The Bordetella pertussis acellular vaccine has not completely blocked the spread of pertussis because it allows for colonization of the nasal cavity (48) and provides only temporary protection (13). Adjuvants are well-documented for their potential to increase vaccine performance, and some adjuvants such as CpG oligodeoxynuceotides or alum are commonly found in vaccine formulations (90, 91). There are a plethora of adjuvants that can potentiate the performance of a vaccine and can be classified into two main groups: Toll-like receptors agonists (92–94) and mucosal adjuvants (58, 95–97). These two distinct classes have been closely considered for their contributions to pertussis vaccines as well as therapeutics (98–103), yielding highly promising enhancing properties.

Toll-Like Receptors (TLRs) are highly sophisticated sentinels that recognize specific pathogen-associated molecular patterns (PAMPs). The differential activation of TLRs is one of the main determinants for an efficient immune response against pathogens. Under this premise, researchers have been working on the addition of TLR agonists to vaccines with the expectation that activating different TLRs will command the type of T cell response produced (104) and will ultimately enhance host protective immunity (105).

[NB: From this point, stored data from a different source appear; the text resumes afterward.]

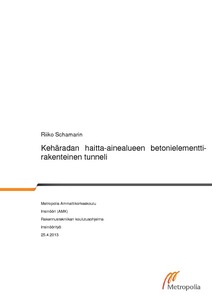 Insinöörityössä tutkittiin Kehäradan haitta-ainealueen betonielementtirakenteista tunnelia. Työssä selvitettiin betonielementtirakenteisen tunnelin suunnittelussa huomioitavia tekijöitä, elementtirakenteiseen tunneliin liittyviä ongelmia ja ongelmien ratkaisuja. Lisäksi tutkittiin betonielementtirakenteen valinnan perusteita, elementeille ja liitoksille asetettuja vaatimuksia sekä asennuksen vaikutusta suunnitteluun. Työ tehtiin Pöyry Finland Oy:lle, joka toimii Kehäradan tunneliosuuden kokonaissuunnittelijana.
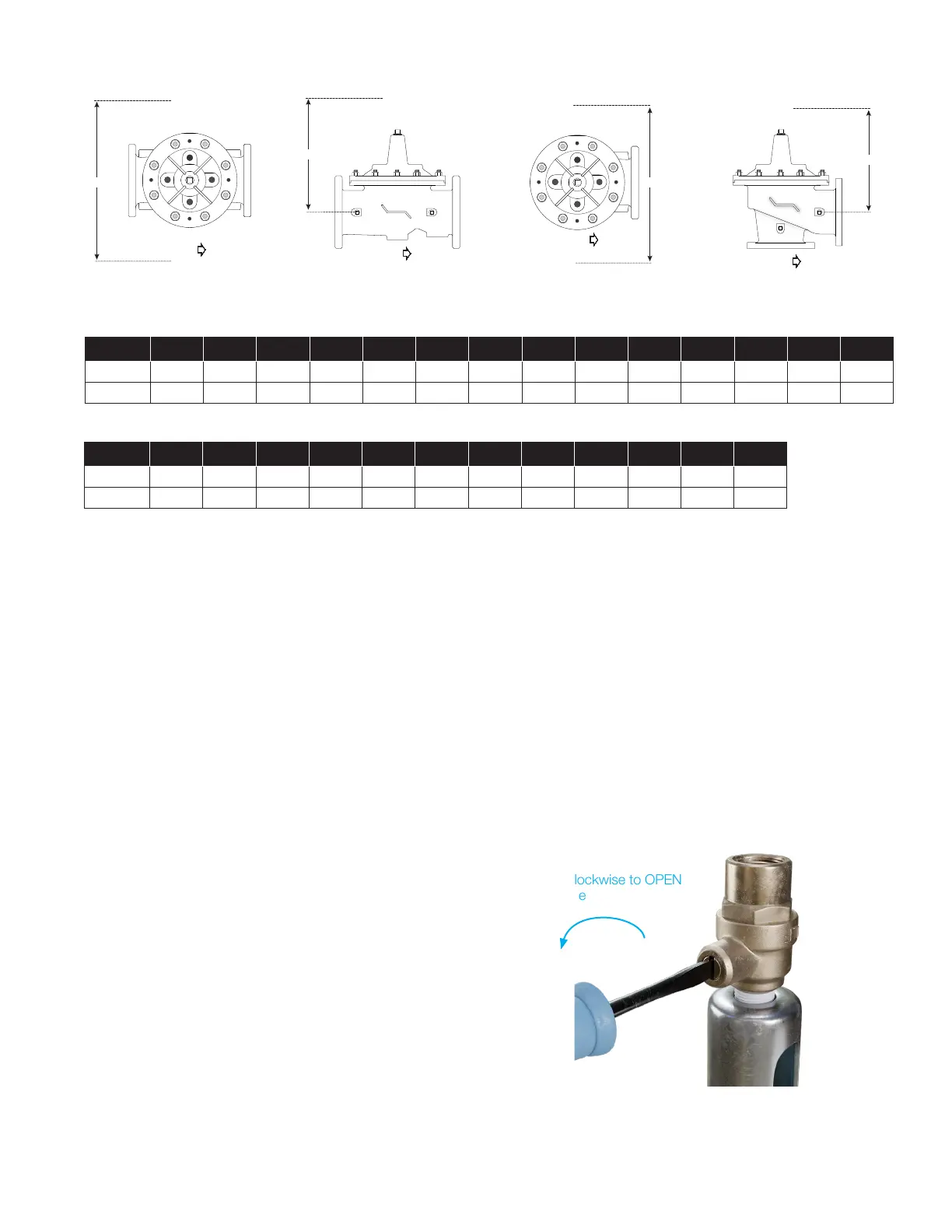 Pressure Reducing – adjust OUT, counterclockwise, backing pressure off the spring, preventing possible over-pressurizing of the
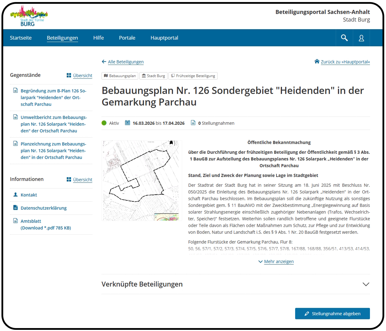 Öffentliche Bekanntmachung über die Durchführung der frühzeitige Beteiligung der Öffentlichkeit gemäß § 3 Abs. 1 BauGB zum Bebauungsplan Nr. 126 Solarpark "Heidenden" in der Ortschaft Parchau

One of the best studied Toll-Like Receptors is TLR2, which recognizes a broad spectrum of bacterial cell wall components, including lipopolypeptides, peptidoglycan, and lipochoic acids, that trigger different signals that shape the immune response against the bacterial threat (106). It has been demonstrated that the use of TLR2 agonists as adjuvants to already developed vaccines increases immunity, especially in neonates (93). This feature is highly relevant to the design of vaccines against diseases that primarily affect newborns and young infants (93). Moreover, TLR2 agonists in combination with the BCG vaccine can enhance protection against Mycobacterium tuberculosis (107), skewing the cellular response toward Th1 (100), and resulting in a more robust protective memory response, further promoting its use in vaccinology. TLR2 has been also correlated with an efficient response to B. pertussis infections (108), and some preliminary data has revealed that the use of these agonists enhances protection against infection by pertussis (58, 100). Altogether, these data suggest that TLR2 agonists may be promising candidates to combine with current or new vaccines to enhance the protective response.

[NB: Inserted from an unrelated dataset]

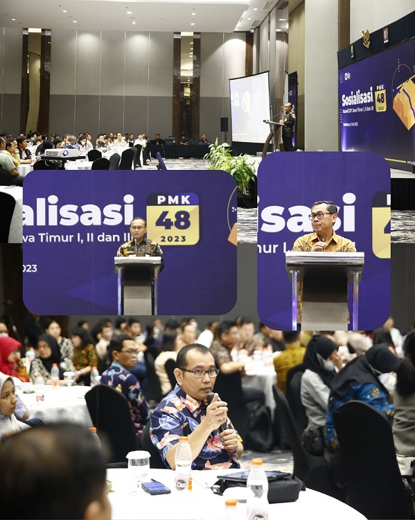 Kanwil DJP Jawa Timur I bersinergi dan kolaborasi dengan Kanwil DJP Jawa Timur II dan Kanwil DJP Jawa Timur III menyelenggarakan kegiatan sosialisasi dan diskusi perpajakan terkait Peraturan Menteri Keuangan (PMK) Nomor 48 Tahun 2023 yang baru saja diberlakukan pada 1 Mei 2023, Surabaya (Kamis, 6/7).
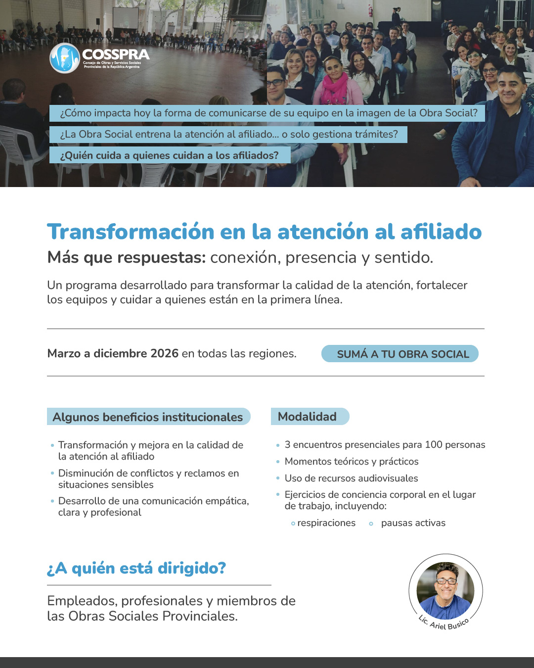Sumá a tu Obra Social. Consultas a: capacitacion@cosspra.com.ar

Similarly, TLR4 appears a good candidate for vaccine enhancement because it recognizes lipopolysaccharide (LPS) molecules, which are commonly present on the surface of most bacteria. Agonists of TLR4 enhance the performance of several vaccines including viral, bacterial, and even mycobacterial (109–113). One important aspect is its promotion of mucosal immunity (114–116), which is critical for the generation of protection against certain infections including gut and respiratory diseases like pertussis (117–119), although this increase is achieved via mucosal delivery of the vaccine rather than systemic (120). Molecular evidence has revealed that the addition of a TLR4 ligand to the acellular pertussis vaccine resulted in a shift from a Th2-dominant response to additional induction of Th17 (121, 122). The abundant immunological evidence that highlights the role of TLR4 in the immune response to B. pertussis (102, 123–130) indicates that TLR4 agonists are promising candidate for the generation of more robust protective immunity.

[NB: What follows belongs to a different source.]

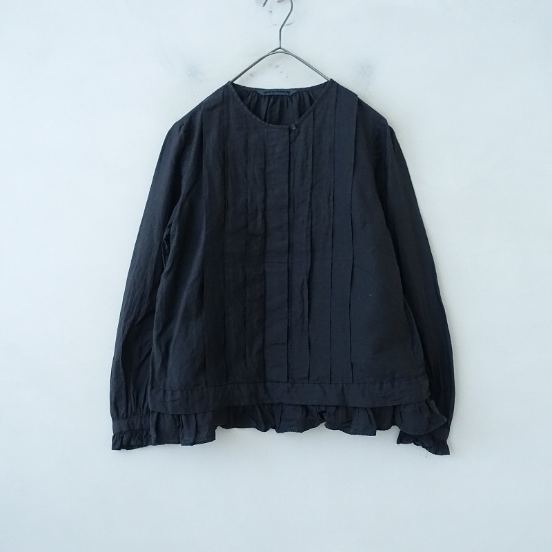 デザイン:mina perhonenのsokeri フリルプリーツブラウスです。カラーはチャコールで、薄手の素材です。裾&袖口に共布フリル付きで、フロントにタックプリーツ、バックネック&袖口にギャザーが施されております。首元ループボタン&フロント半開比翼ボタン付きのプルオーバータイプで着脱でき、袖口はボタン留めです。こちらは、元々の製品に工房で染め直しを施しました。一枚一枚職人の手で染められたお洋服となります。
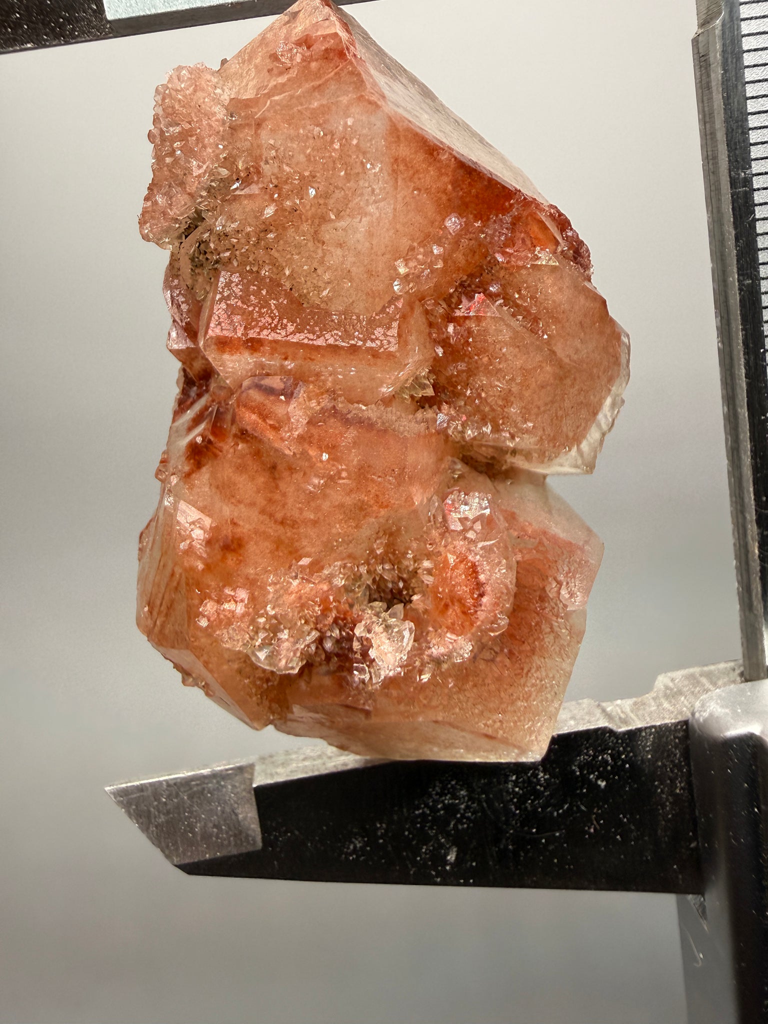 Red Apophyllite is far less common than the typical colorless or green varieties, making high-grade specimens like this especially sought after by serious collectors. The crystals exhibit excellent transparency to translucency, strong light reflection, and well-formed tetragonal geometry that sparkles dramatically under both natural and artificial light.

TLR5 (131) is also a highly plausible candidate to augment vaccine performance since it recognizes flagella, which are present in a multitude of bacterial species. Previous literature has indicated that ectopic expression of flagella in Bordetella spp. leads to faster clearance of the infection (132), and it was later revealed that TLR5 activates antigen-presenting cells, increasing T cell response (133) (manuscript in preparation), and may ultimately contribute to the more rapid clearance previously reported. In several other microorganisms, the addition of TLR5 agonists have resulted in an increased performance of the vaccine (134–141). Altogether these data suggest that TLR5 agonists could significantly increase the performance of the current acellular pertussis vaccine.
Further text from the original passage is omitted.